[COLLECTED DATA Boundary: Start]

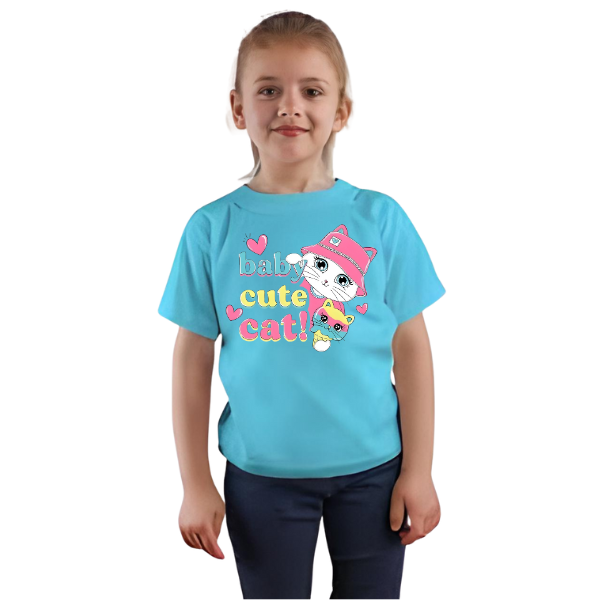Baby Cat Printed T Shirt For Kids Fabric: Soft High-Quality Cotton Jersey Half Sleeve T-Shirt Round Neck...
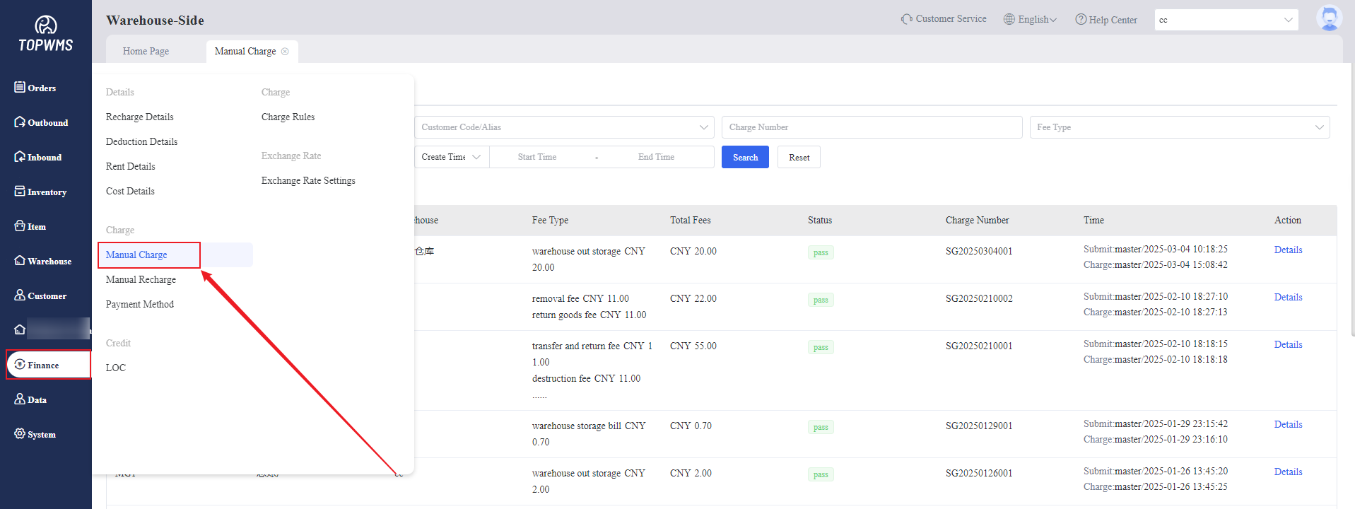 2. If the warehouse needs to charge merchants additional fees, the [Manual Charge] function can be used.
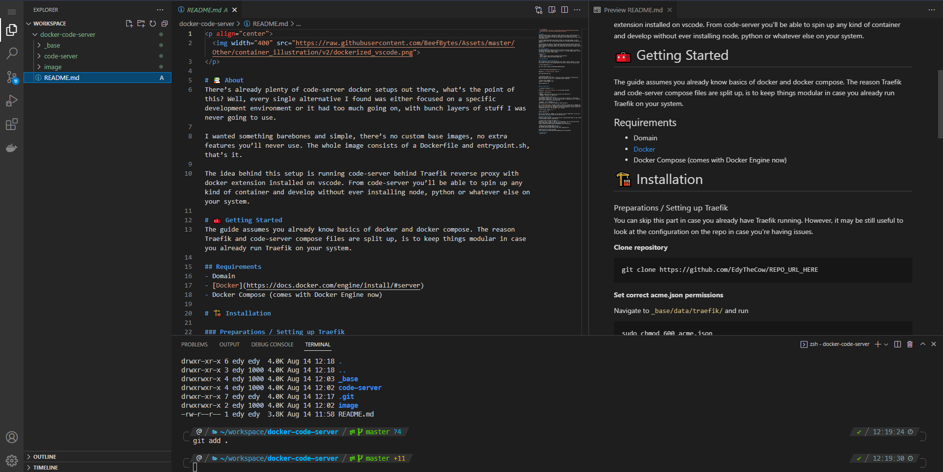 This is an outdated attempt to setup code-server, if you're looking for something similar, use Coder instead. I have a quick guide on running Coder in production under Traefik: https://github.com/EdyTheCow/docker-coder

[COLLECTED DATA Boundary: End]

→ DIRECTIONS FOR THIS TASK
Each line above should be written out again exactly, and no picture should appear in the copy.

→ SOLUTION TO THE EXERCISE
Baby Cat Printed T Shirt For Kids Fabric: Soft High-Quality Cotton Jersey Half Sleeve T-Shirt Round Neck...
 2. If the warehouse needs to charge merchants additional fees, the [Manual Charge] function can be used.
 This is an outdated attempt to setup code-server, if you're looking for something similar, use Coder instead. I have a quick guide on running Coder in production under Traefik: https://github.com/EdyTheCow/docker-coder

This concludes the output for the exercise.